(Collected data entries)
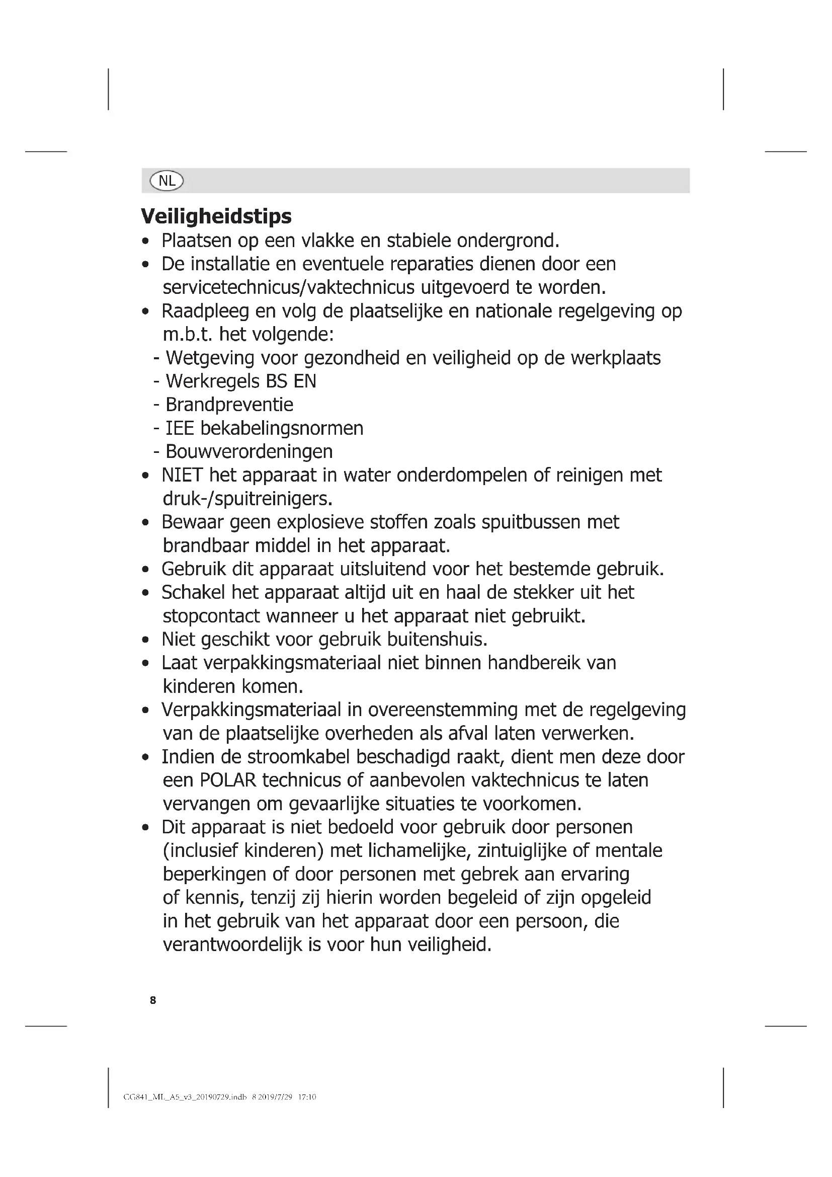 - Dit apparaat is niet bedoeld voor gebruik door personen (inclusief kinderen) met lichamelijke, zintuiglijke of mentale beperkingen of door personen met gebrek aan ervaring of kennis, tenzij zij hierin worden begeleid of zijn opgeleid in het gebruik van het apparaat door een persoon, die verantwoordelijk is voor hun veiligheid. CG841_ML_A5_v3_20190729.indb 8 2019/7/29 17:109
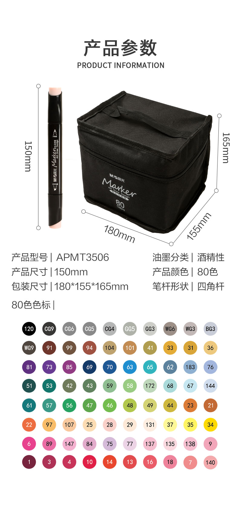 晨光(M&G)文具80色雙頭酒精性速干馬克筆 APMT3506
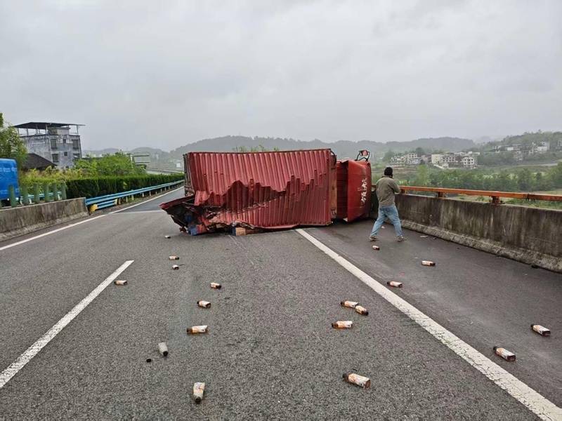 4月20日,S15松从高速K17+900上行路段突发险情,一辆两轴货车侧翻横卧在行车道与慢车道上,车上运载的饮料倾泻而出,铺满路面,交通严重受阻。二大队接警后,迅速响应,即刻启动“一路多方”联勤联动机制,联合交警、养护、清障等部门火速赶往现场。抵达后,执法人员立即管控现场安全,摆放警示标志、划定警戒区,引导车辆有序通行,严防二次事故。近两小时连续奋战,饮料转运完毕,路面清理干净,车辆拖离现场,道路恢复正常。
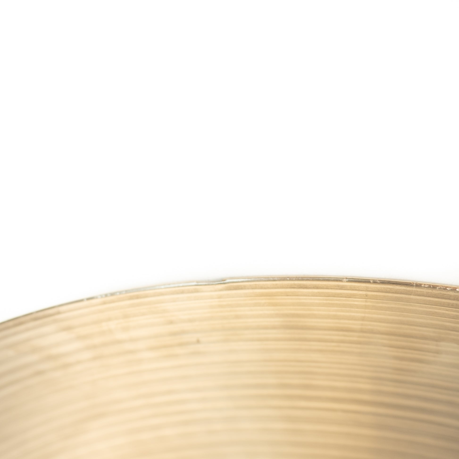 Here is a nice vintage Zildjian ride with a fairly light tone. It has some stick definition, but washes fairly easily. It has some light edge dings and one longer 8x1mm chip. It has some light scratches, but other than the chip, no deep "flea bites". We gave it a couple of passes with light cymbal cleaner, but someone who takes the time with some serious elbow grease can get it closer to new. Please play the video to get an idea of the pitch and wash of this ride.
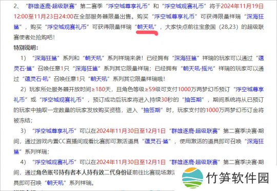 不知道各位玩家是否注意到了本次群雄逐鹿第二赛季的线下祥瑞,本次群雄逐鹿的第二赛季上线的祥瑞总共有两个,一个是深海狂鲨,另外一个是朝天吼。不过深海狂鲨的获得方式是线上观赛激活,但是朝天吼的获得方式则是线下观赛激活,大家喜欢新出的朝天吼祥瑞吗?
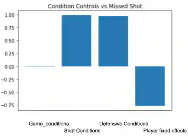 投篮条件和防守条件(分别以距离和后卫技能为特征)对射门难度产生相对相等的贡献,并且球员自有水平(真实投篮命中率)在投篮条件和防守条件的贡献中约为75%。
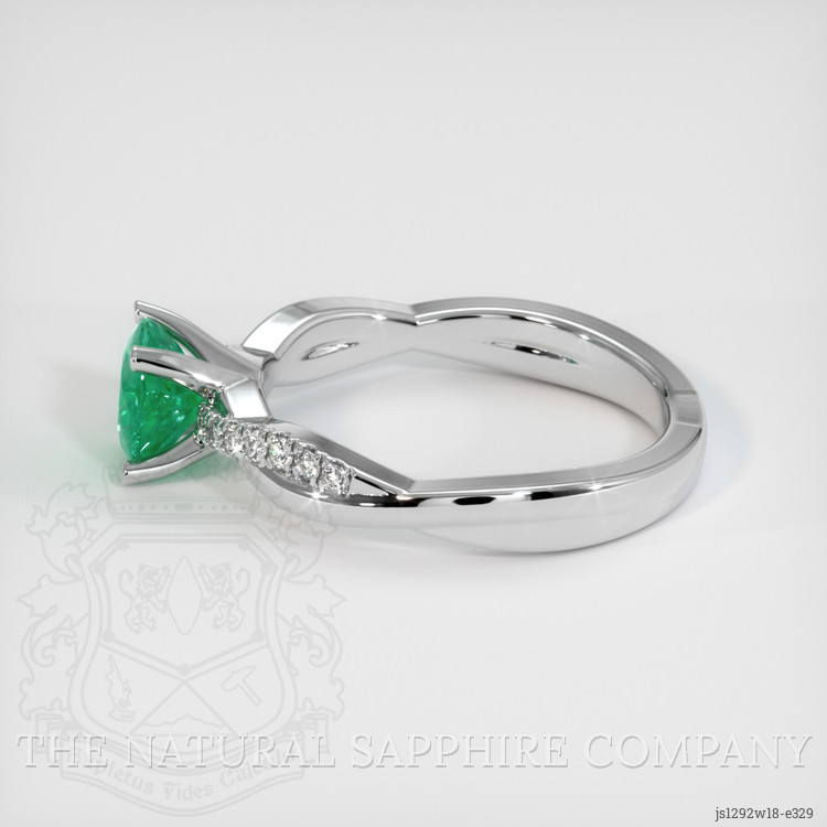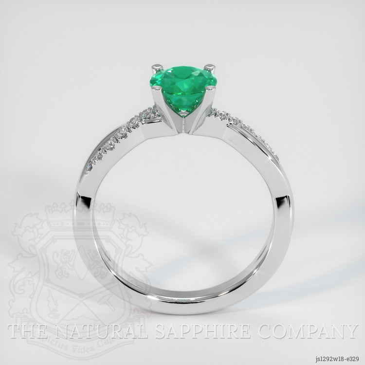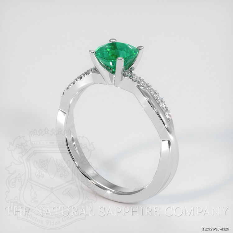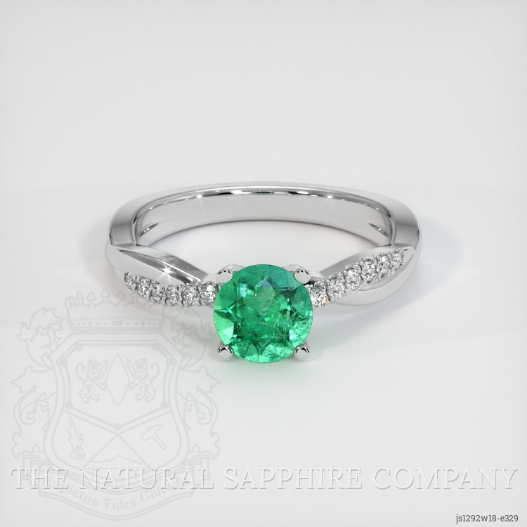 The ring features a beautiful, transparent 0.73 carat round shape green emerald with the dimensions of 6.22 x 6.11 x 3.69 mm and a mixed brilliant cut. It has a clarity grade of very slightly included (evaluated at eye level), light color saturation, and an excellent polish. The origin of this emerald is Zambia.
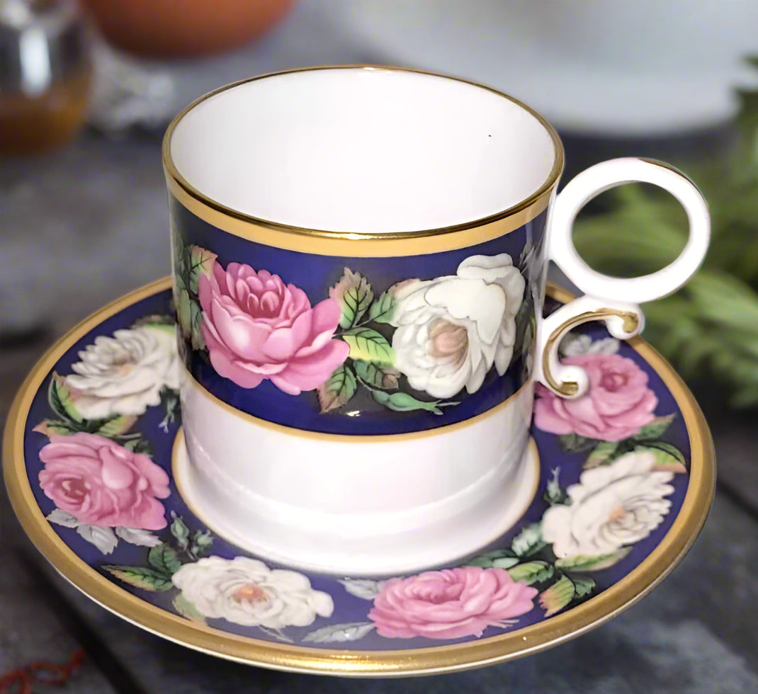 Royal Worcester Chamberlain Roses Blue Coffee Cup and Saucer demi tasse

■ **Task brief**
Retype the entries above exactly. Stop after the line containing "Here is a nice", and omit the pictures.

■ **Solution to this task**
 - Dit apparaat is niet bedoeld voor gebruik door personen (inclusief kinderen) met lichamelijke, zintuiglijke of mentale beperkingen of door personen met gebrek aan ervaring of kennis, tenzij zij hierin worden begeleid of zijn opgeleid in het gebruik van het apparaat door een persoon, die verantwoordelijk is voor hun veiligheid. CG841_ML_A5_v3_20190729.indb 8 2019/7/29 17:109
 晨光(M&G)文具80色雙頭酒精性速干馬克筆 APMT3506
 4月20日,S15松从高速K17+900上行路段突发险情,一辆两轴货车侧翻横卧在行车道与慢车道上,车上运载的饮料倾泻而出,铺满路面,交通严重受阻。二大队接警后,迅速响应,即刻启动“一路多方”联勤联动机制,联合交警、养护、清障等部门火速赶往现场。抵达后,执法人员立即管控现场安全,摆放警示标志、划定警戒区,引导车辆有序通行,严防二次事故。近两小时连续奋战,饮料转运完毕,路面清理干净,车辆拖离现场,道路恢复正常。
 Here is a nice vintage Zildjian ride with a fairly light tone. It has some stick definition, but washes fairly easily. It has some light edge dings and one longer 8x1mm chip. It has some light scratches, but other than the chip, no deep "flea bites". We gave it a couple of passes with light cymbal cleaner, but someone who takes the time with some serious elbow grease can get it closer to new. Please play the video to get an idea of the pitch and wash of this ride.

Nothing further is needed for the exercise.